[proofplan] We compare the circuit families of the two matroids under the primal-dual edge bijection. The key geometric fact is that circuits in the plane dual are exactly the duals of bonds in the primal graph: ordinary dual cycles and dual loops correspond respectively to non-bridge bonds and bridge bonds in the primal graph. Since bonds are precisely the cocircuits of a finite connected graphic matroid, and cocircuits of $M(G)$ are circuits of $M(G)^*$ by the definition of matroid duality, the circuit families agree. [/proofplan]

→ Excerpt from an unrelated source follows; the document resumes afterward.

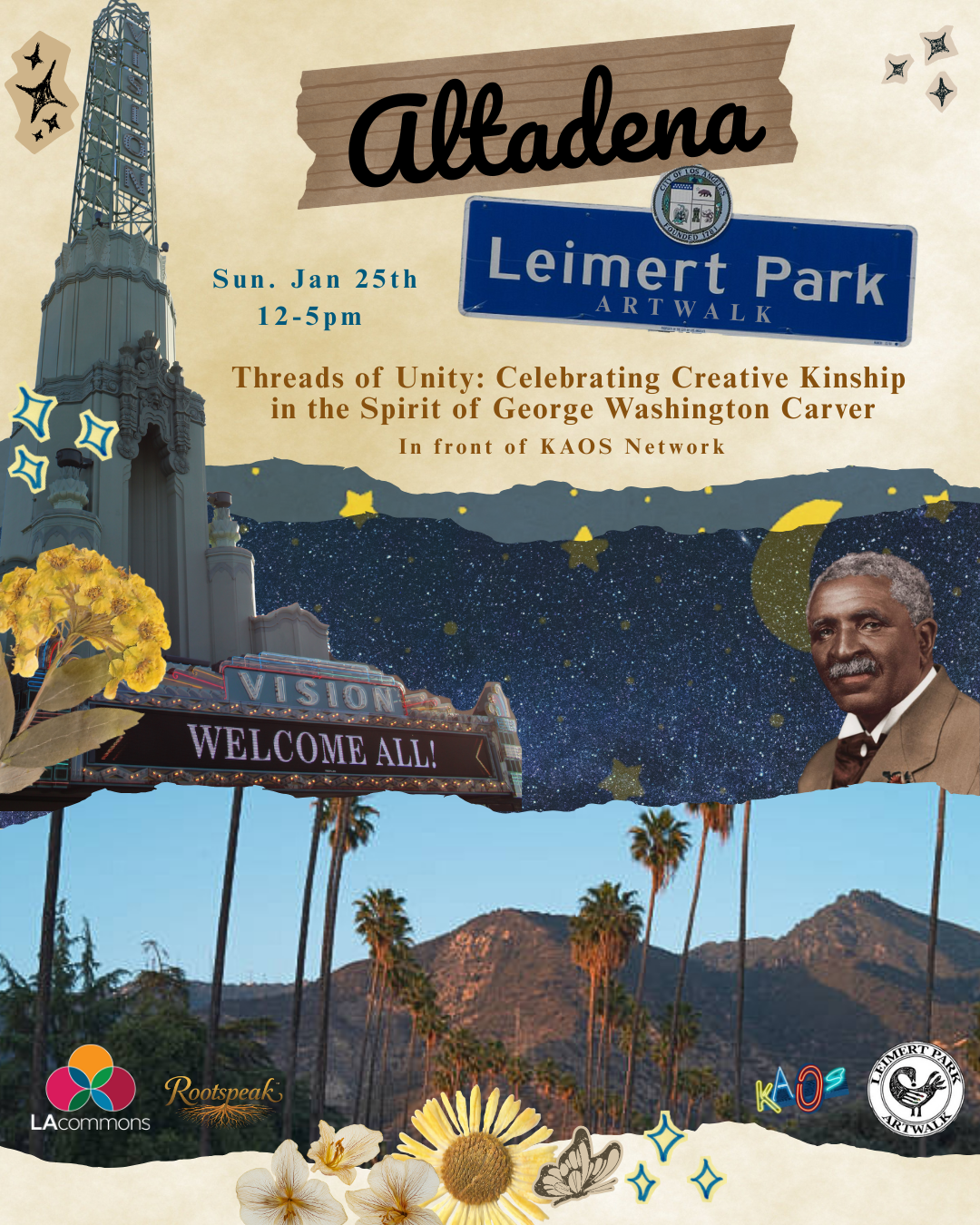 At this month’s upcoming Leimert Park Artwalk, we honor the deep artistic and historical connections between Altadena and Leimert Park as well as creating space for community gathering and Altadena Recovery. The day’s activities are inspired by the innovative and regenerative spirit of George Washington Carver.

[step:Fix the primal-dual edge notation] Let $E := E(G)$ be the finite edge set of $G$. The plane dual $G^\dagger$ has vertex set equal to the face set of the fixed plane embedding of $G$, and for each edge $e \in E$ there is a unique dual edge $\iota(e) \in E(G^\dagger)$ joining the two faces incident to $e$, with the convention that if the two incident faces coincide then $\iota(e)$ is a loop. Thus $\iota: E \to E(G^\dagger)$ is a bijection. For a subset $A \subset E$, define $A^\dagger := \iota(A) \subset E(G^\dagger)$. We identify subsets of $E$ with their images under $\iota$ only when explicitly stated; all comparisons below are made through the map $A \mapsto A^\dagger$. [/step]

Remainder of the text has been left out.